CHAPTER 49

DAY 3 TRENTON

Tuesday evening

Grandma came out of the house as soon as I pulled into the driveway. I waved at my mom in the doorway, and it looked like she was trying to say something to me. Before I could roll my window down, Grandma jumped in the passenger side and slammed the door. "Drive," she yelled.

I did as I was told. I didn't need a last-minute reminder from my mother not to let Grandma cause trouble. I knew what was on the line, and I wasn't going to lose out on dessert for a month because of a wily old woman. "What's the hurry?" I asked as I backed out of the driveway and motored down the street.

"I'm sick of your mother micromanaging my life. I changed her stinky diapers, and now she thinks she's the boss of me and can tell me what to do. Pfft. I put up with that from your grandfather for years. Now I'm free, and I ain't going back. Oh, turn here. We need to pick up Aggie."

Now, I understood why my mother looked so bothered. Together, Aggie and Grandma were a handful. "Sure, but you have to promise no shenanigans with the casket or causing a scene. I intend to eat pineapple upside-down cake, and you're not going to mess that up for me."

"Your mother isn't the only one who can bake, you know."

"Regardless, no trouble, okay?"

"Fine." She stuck her tongue out at me and blew a raspberry. "You're no fun anymore."

Aggie was waiting on the porch when I pulled up in front of her house. "Hello, Stephanie," she said as she wiggled her petite arthritic frame into my Jeep. "Did you have a nice vacation?"

"She wasn't on no vacation," Grandma said. "Stephanie was getting trained in that martial arts stuff. She's gonna teach me how to do it, and I'll show you and the other girls what I learn."

"Really?" Aggie sounded far too interested. And for the record, I did not tell my grandmother I'd teach her self-defense. She was dangerous enough. She was practically a nuclear weapon as it was. And nobody had the abort code.

"Nope. Not teaching anyone martial arts. Mom would disown me."

"She doesn't have to know," Grandma said. "Helen would be much happier if she'd mind her own business."

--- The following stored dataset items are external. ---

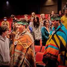 On April 27, 2022, at Abbotsford Arts Centre, the Mamele’awt Community Indigenous Education Centre honoured the 2022 Indigenous Role Models. Before entering, Role Models were covered with a blanket as a way of claiming the students, giving them a warm hug, and helping them on their journey forward, along with a headband to remind them to have good thoughts and a good mind. Chris Silver, Councillor of Semá:th First Nation began the Ceremony with a welcoming song and explained the importance of the Ceremony. Mr. Perry Smith, Director of Curriculum, was the traditional speaker and further explained the meaning of the day and how protocols are in place to ensure the Ceremony is done well, with a good heart and a good mind. Students were brought in by Tyrone Thomas, Jessi Old Coyote, and Tlatsemot leading in an honouring song as the students were brought forward into the space. Each student was honoured on stage by either their Indigenous Support Worker or Teacher for Indigenous Success, who expressed each student's hard work, dedication to culture, and future goals which brought them to be honoured as Role Models. The day was filled with gratitude and inspiration as we celebrate these students' accomplishments. The Honouring Ceremony was live-streamed and can be viewed on the Abbotsford School District YouTube page.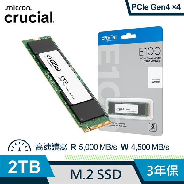 美光 Micron E100 2TB/Gen4 PCIe 4.0/讀5000/寫4500/QLC【五年保】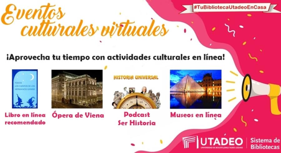 Sabemos que extrañas nuestros eventos culturales y por esto tu Biblioteca Utadeo trae a un clic los mejores eventos culturales a nivel mundial para que aproveches tu tiempo libre y en familia.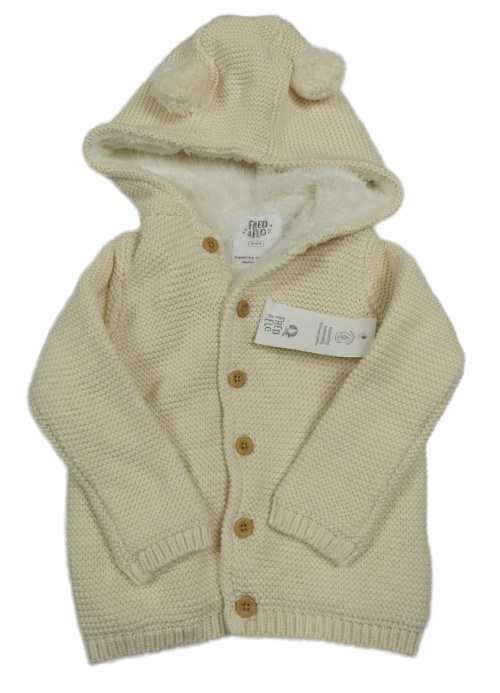 Nové - Krémový zateplený propínací svetr s kapucí s bambulemi F&F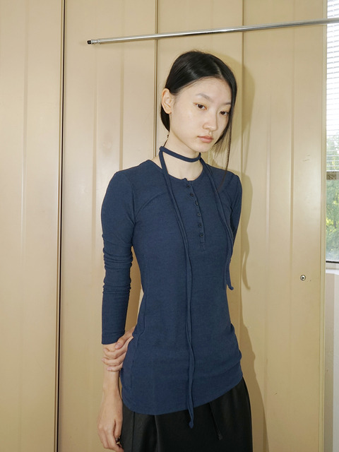 [프로보] 머플러 롱 슬리브 티셔츠 / 멜란지 그레이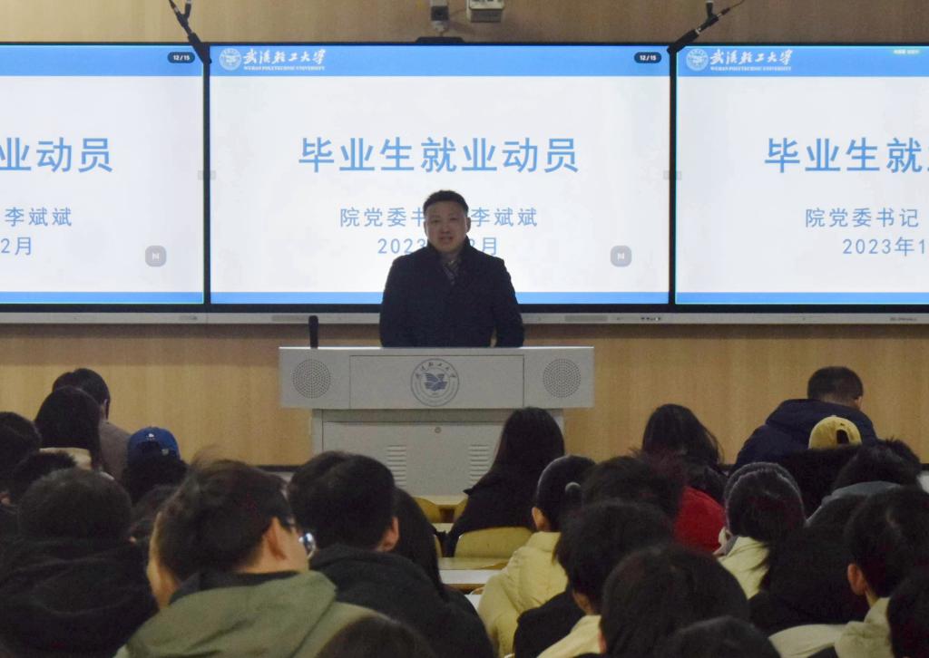 李斌斌作了就业动员。他结合当前就业形势,从为何就业、如何就业、如何就好业三个方面作了讲话。他指出,同学们要树立正确的就业观、择业观,珍惜每一份来自不易的就业机会;要做到不“随大流”,脚踏实地,找准目标,谋定而后动;要立足行业,用好资源,践行兴农报国的使命与担当。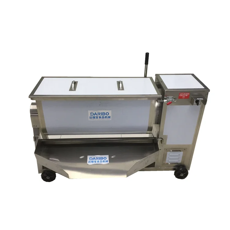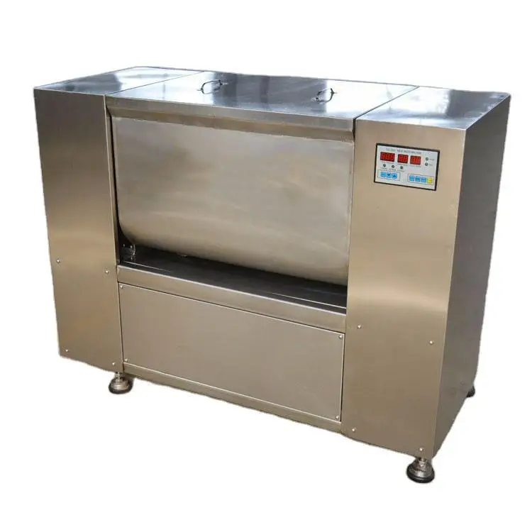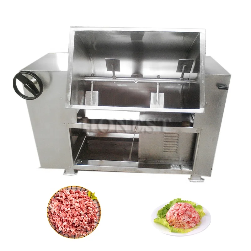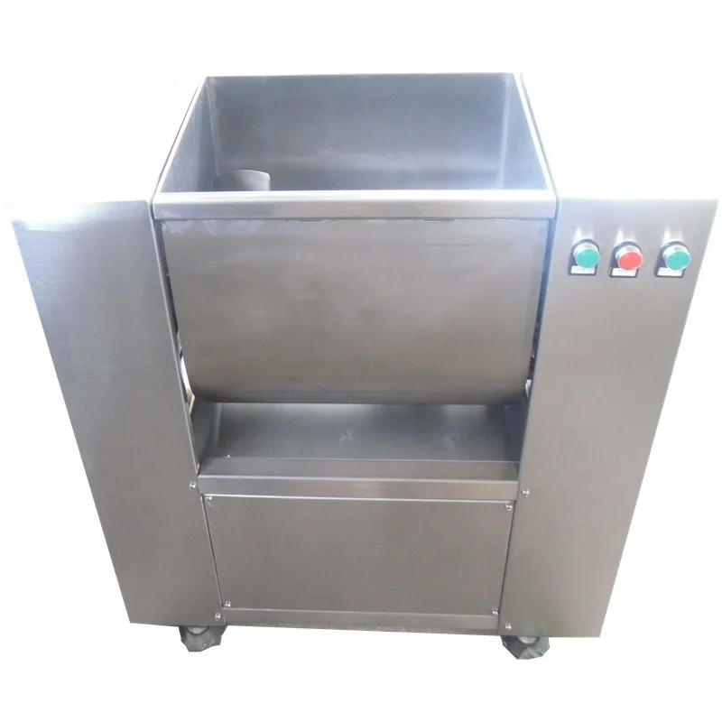The whole body of Meat Mixing Machine is top-grade stainless steel, sanitary, conform to the hygiene standards. High working efficiency, saving time and labor. Besides, they are 50L, 70L,100L, 150L capacity stuffing mixer for choosing , on base of these, stuffing mixer is highly popular among customers. The meat mixer is suitable for hotel, restaurant, food processing factory. meat mixer is also suitable for medicine, chemical factory and so on for making and modulating the raw material.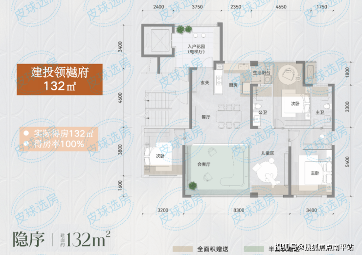 (1)4房2卫,独立电梯厅,得房率差不多刚好100%

Ignoring her, I turned to the backseat and smiled. "How've you been, Mrs. McLeary?" Seeing her reminded me of her grandson, Ian, my first real love and the boy who broke my heart. I had a huge crush on him in fifth grade. He asked me to the Valentine's Day dance, then right after, his family moved to California. I didn't hear from him again until the summer before my senior year of high school. I came close to asking her about him, but something always stopped me.

"Peachy, honey, just peachy." That was one thing I liked about Aggie and my grandma. Neither of them complained about their ailments like most old people. Their policy was to ignore them and act like they were twenty years younger. It worked for them. I waited until a couple kids on bikes went by before I pulled out onto the street. Mrs. McLeary sighed. "I remember my Ian and the rest of you kids riding your bikes around the neighborhood. I miss that boy."

"When was the last time you saw him?" Grandma asked.

"It's been a couple years now, I guess. I usually fly out to California once a year but last year, I had the vertigo, you know. The doctor wouldn't let me fly."

Grandma nodded.

As far as I know, no one but Mary Lou and Lenny knew that Ian and I had gotten close that summer in high school at the shore. He had a grand plan to go back to California and ask his parents if he could live in Trenton with his grandma to finish high school. I never saw him again. Not knowing why he didn't contact me to at least let me know why he wasn't coming back had always bothered me, but it was probably best to leave the past in the past. Shaking the memories away, I parked at the funeral home and helped Grandma and Aggie out of the Jeep.

I gave Grandma a pointed look. "You promised to behave, remember?"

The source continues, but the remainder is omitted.